Click to play video: 'Rapid testing for COVID-19 starts in two Montreal high schools'
Rapid testing for COVID-19 starts in two Montreal high schools
WATCH: Rapid testing for COVID-19 has started as part of a pilot project in two Montreal-area high schools. Health authorities hope to find out how effective the tests are at detecting and preventing the spread of the virus.

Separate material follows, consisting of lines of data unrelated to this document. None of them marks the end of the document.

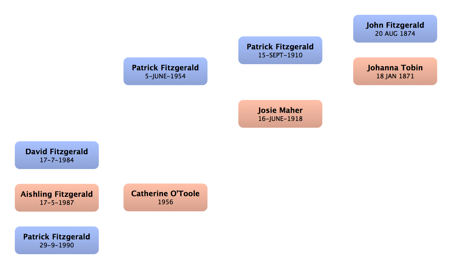 John Fitzgerald | First cousin (m) | | Shangan, Co. Waterford, Ireland | 1974 | London, England |
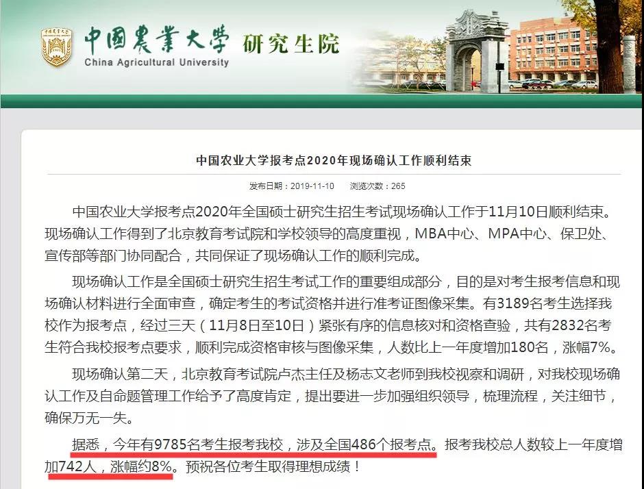 今年有9785名考生報考中國農業大學,較上一年度增加742人,漲幅約8%。2020年擬招收碩士研究生約3000人,其中全日制學術型碩士生約1400人,全日制專業學位碩士生約1200人,非全日制專業學位碩士生約400人。
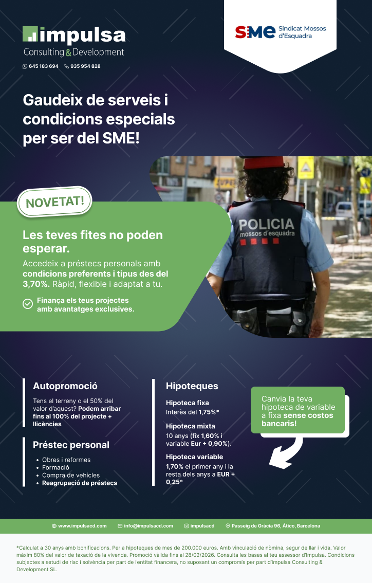 Gràcies al nou acord de col·laboració, tots els afiliats al SME (Sindicat Mossos d’Esquadra) i els seus familiars de primer grau us podeu beneficiar d’un 14% de descompte exclusiu en la compra d’assignatures de qualsevol cicle de Formació Professional a distància a ILERNA Online

As Global’s Phil Carpenter reports, both students and staff hope in the long run the measure can be used to help make schools safer. – Jan 26, 2021

Rapid testing for COVID-19 has started in two Montreal schools.

Researchers are screening staff and students at Pensionnat du Saint-Nom-de-Marie in Outremont and Calixa-Lavallée high school in Montreal North, hoping to find out how effective the tests are at detecting and preventing the spread of the virus.

“They’re testing 25 per cent of our students who have consented and 25 per cent of our staff who have consented,” said Antonella Picillo, director of student services at Pensionnat du Saint-Nom-de-Marie.

Dr. Caroline Quach, pediatric infectious diseases specialist at Ste. Justine Hospital, is the lead researcher.  During a press conference to launch the project she told Global News, “(what) we’re hoping to do is see if this rapid antigenic detection test has any added value in terms of outbreak in schools setting on top of screening.”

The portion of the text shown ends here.